DATA –
Content starts

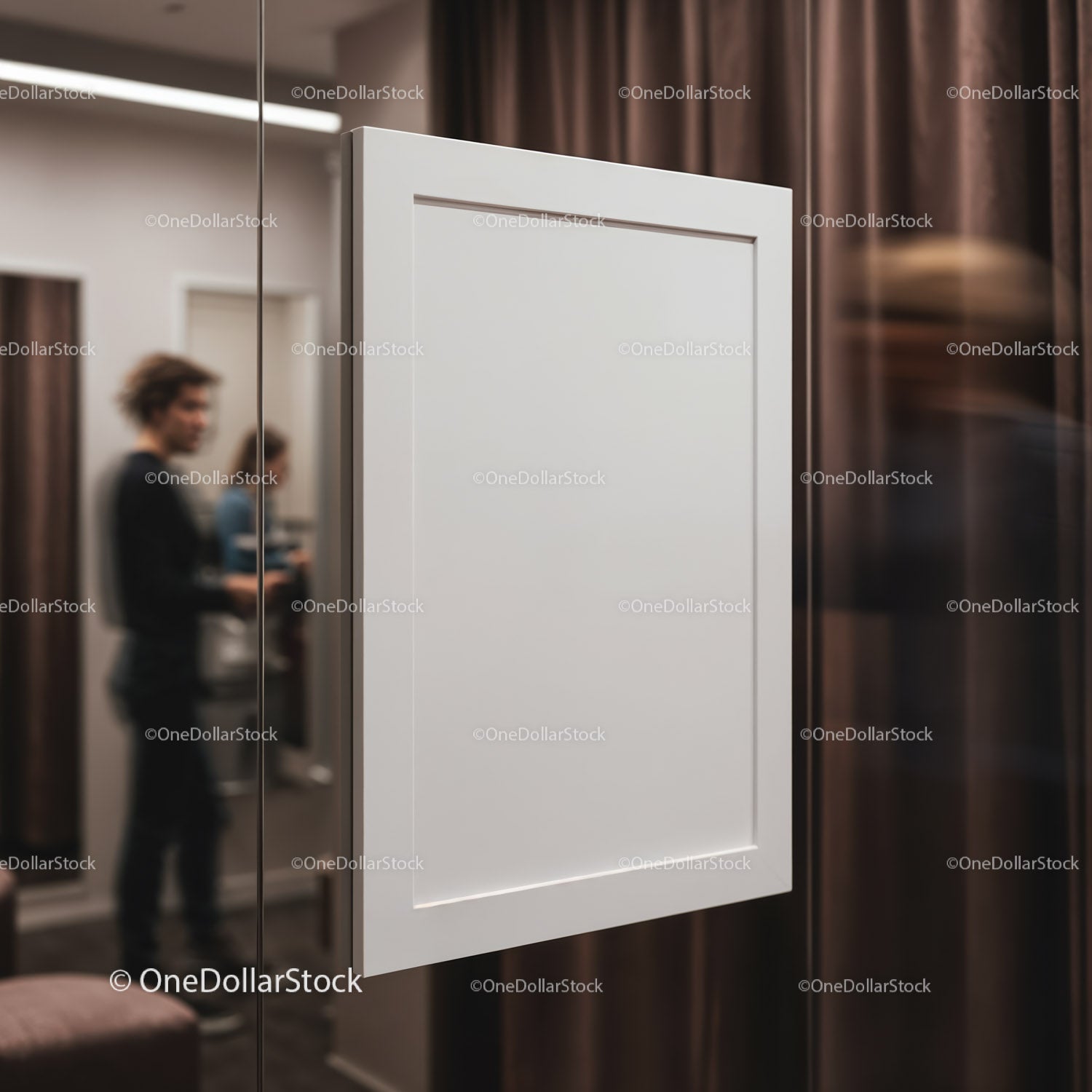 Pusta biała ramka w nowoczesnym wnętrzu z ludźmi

Content ends
Content starts

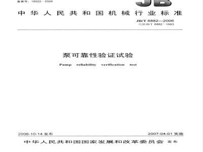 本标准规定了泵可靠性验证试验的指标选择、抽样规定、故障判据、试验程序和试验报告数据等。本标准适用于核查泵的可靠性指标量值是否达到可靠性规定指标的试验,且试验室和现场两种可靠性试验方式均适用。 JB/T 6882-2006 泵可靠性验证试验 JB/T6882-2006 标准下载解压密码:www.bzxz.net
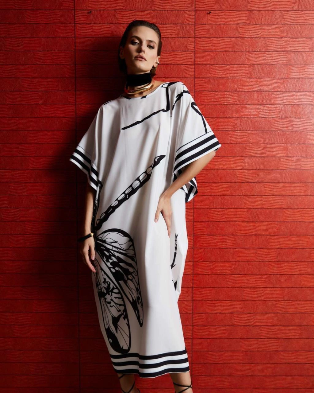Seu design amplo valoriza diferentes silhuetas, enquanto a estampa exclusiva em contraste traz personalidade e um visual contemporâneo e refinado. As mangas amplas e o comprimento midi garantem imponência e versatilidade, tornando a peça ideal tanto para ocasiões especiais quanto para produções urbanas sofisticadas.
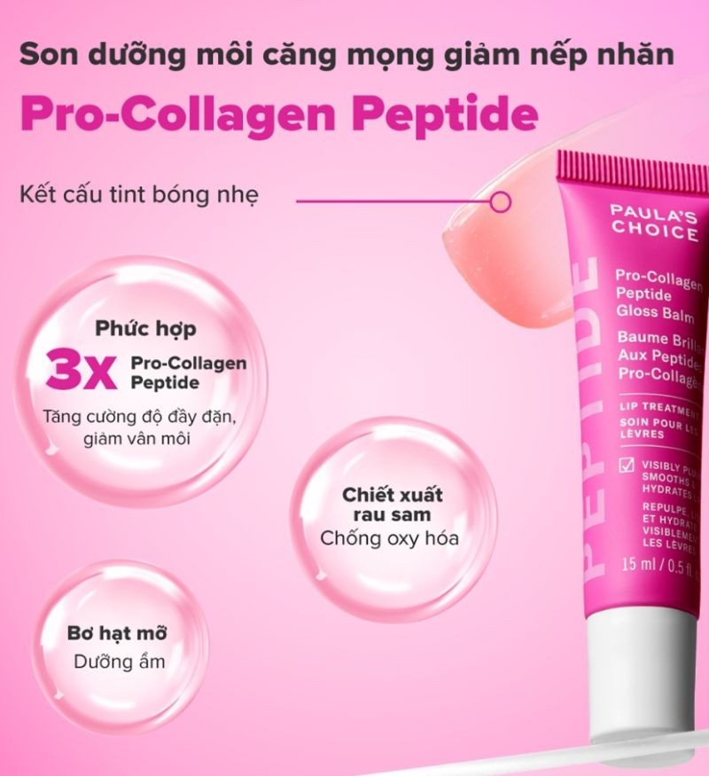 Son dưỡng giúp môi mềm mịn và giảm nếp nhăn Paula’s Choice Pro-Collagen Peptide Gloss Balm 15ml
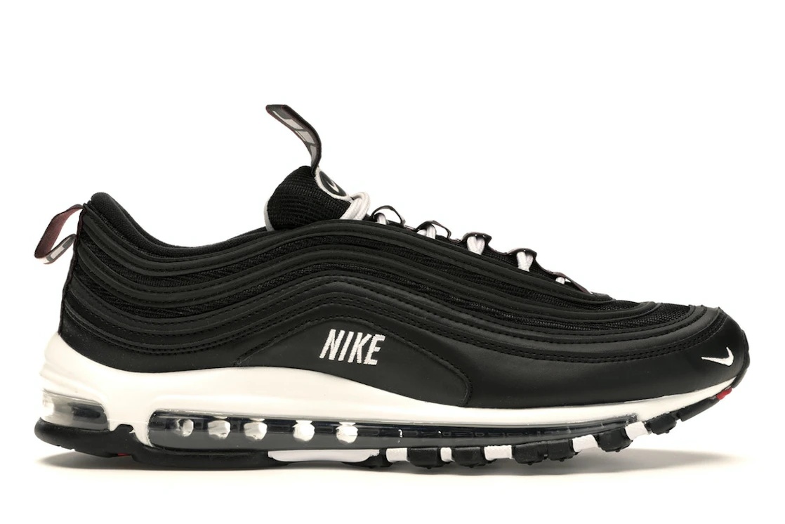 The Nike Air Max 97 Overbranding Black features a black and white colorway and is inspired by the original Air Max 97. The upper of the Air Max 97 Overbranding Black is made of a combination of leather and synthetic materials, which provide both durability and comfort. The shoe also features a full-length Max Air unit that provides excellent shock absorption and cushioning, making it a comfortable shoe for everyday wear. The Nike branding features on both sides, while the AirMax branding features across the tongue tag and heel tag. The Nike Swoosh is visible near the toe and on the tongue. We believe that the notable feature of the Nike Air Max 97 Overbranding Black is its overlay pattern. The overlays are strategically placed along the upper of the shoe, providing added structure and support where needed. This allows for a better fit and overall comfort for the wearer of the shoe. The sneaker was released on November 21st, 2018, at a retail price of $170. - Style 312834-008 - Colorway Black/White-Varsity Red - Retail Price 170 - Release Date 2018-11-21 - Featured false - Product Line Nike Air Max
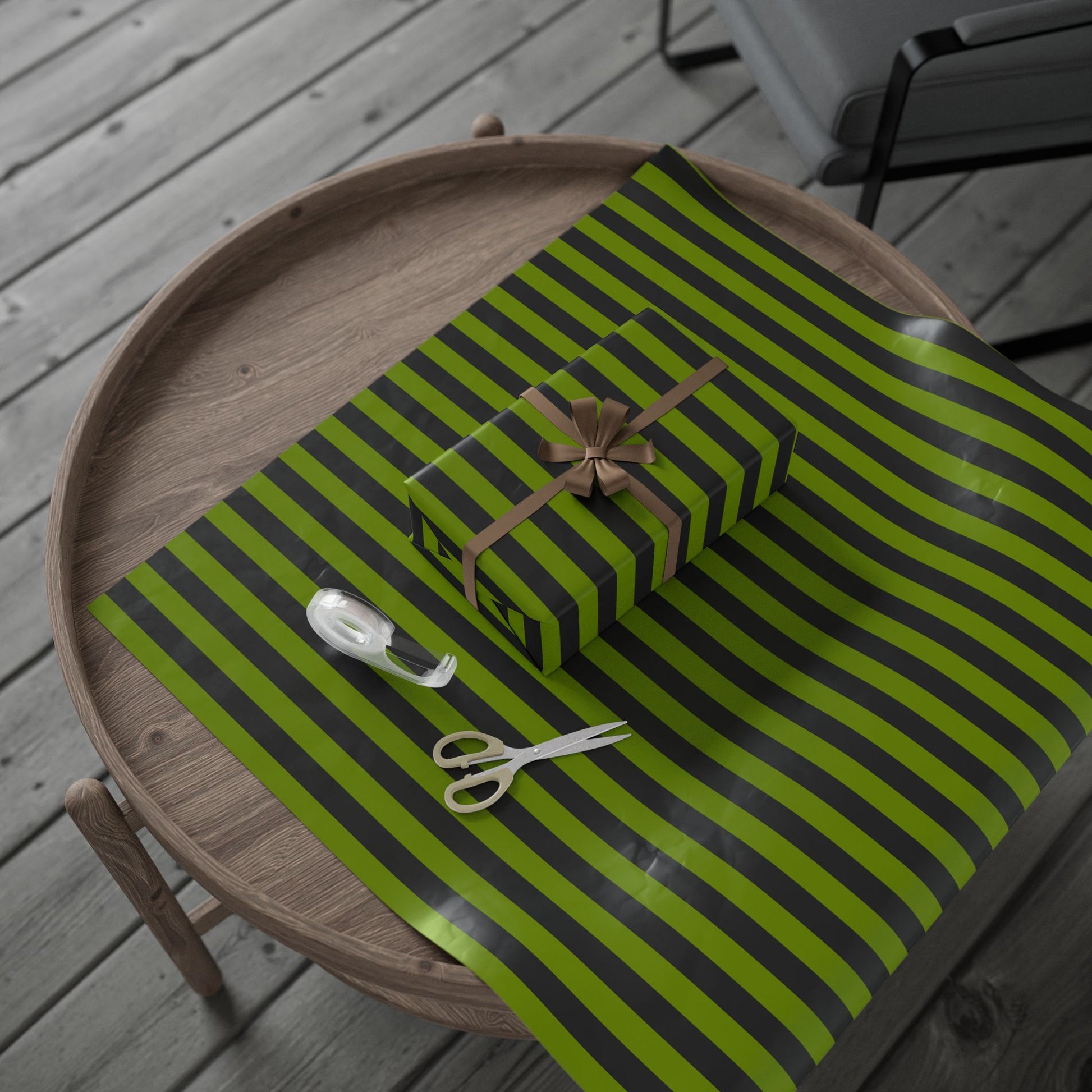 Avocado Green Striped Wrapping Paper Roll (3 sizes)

Content ends
Content starts

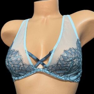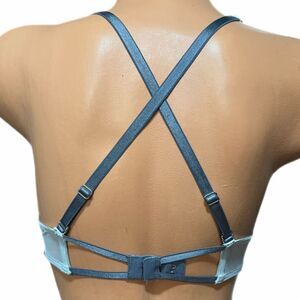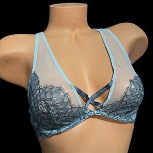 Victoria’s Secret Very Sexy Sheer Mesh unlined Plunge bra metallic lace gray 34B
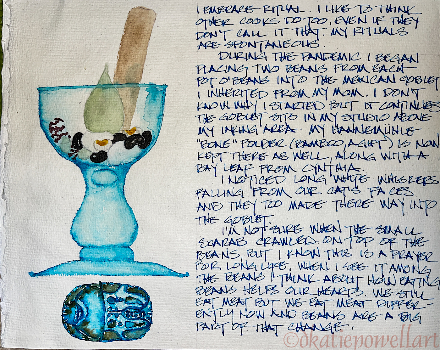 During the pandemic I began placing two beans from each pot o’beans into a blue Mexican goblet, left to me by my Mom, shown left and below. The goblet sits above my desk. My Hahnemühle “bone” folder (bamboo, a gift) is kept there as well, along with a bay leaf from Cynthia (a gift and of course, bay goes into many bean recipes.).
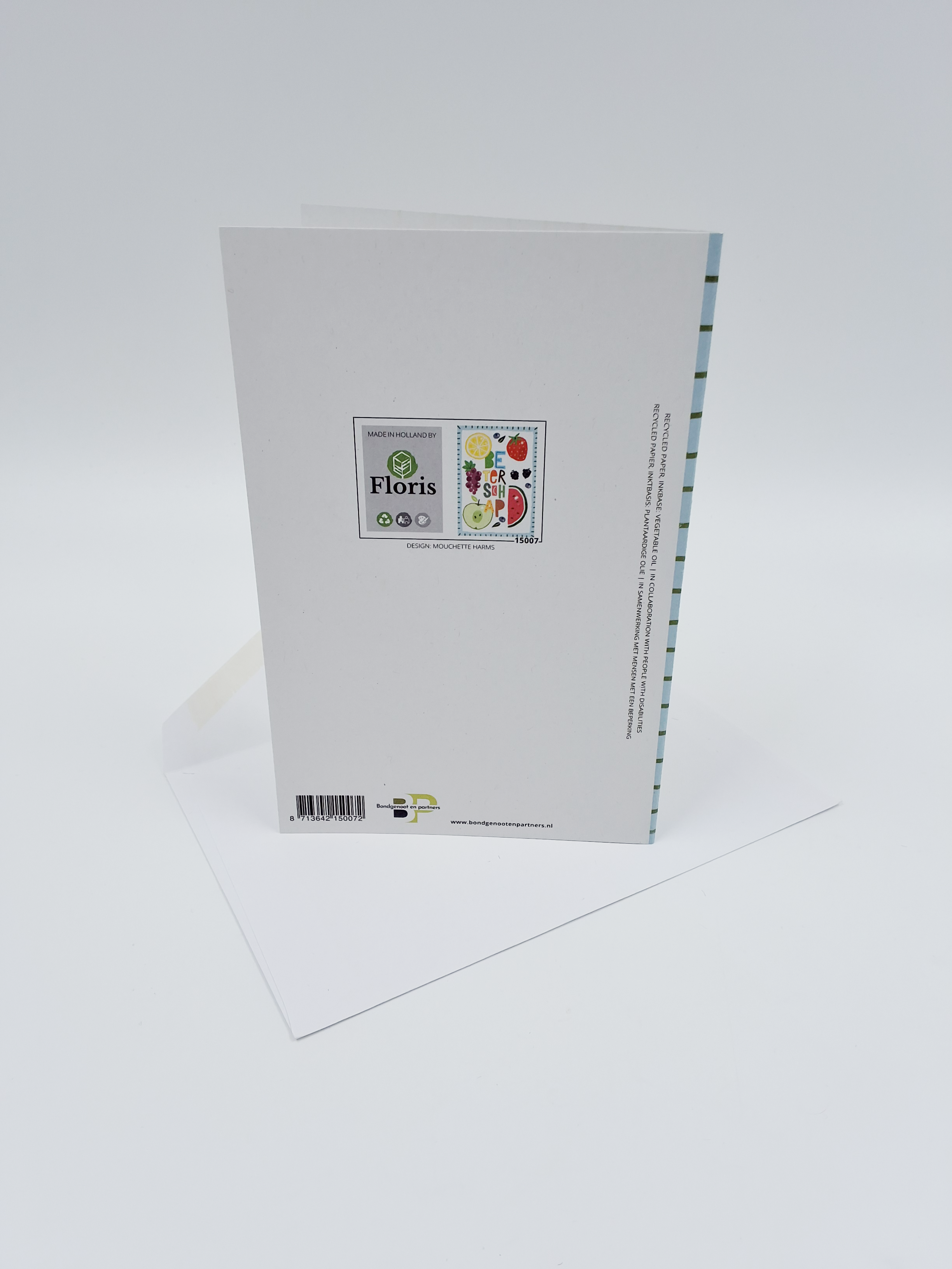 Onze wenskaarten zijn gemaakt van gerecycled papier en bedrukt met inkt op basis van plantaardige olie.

Content ends

EXERCISE PROMPT – Without the pictures, set down the lines above from the line with "During the pandemic" up to and including the line with "Onze wenskaarten zijn" exactly as they stand.

SOLVED PROBLEM –
 During the pandemic I began placing two beans from each pot o’beans into a blue Mexican goblet, left to me by my Mom, shown left and below. The goblet sits above my desk. My Hahnemühle “bone” folder (bamboo, a gift) is kept there as well, along with a bay leaf from Cynthia (a gift and of course, bay goes into many bean recipes.).
 Onze wenskaarten zijn gemaakt van gerecycled papier en bedrukt met inkt op basis van plantaardige olie.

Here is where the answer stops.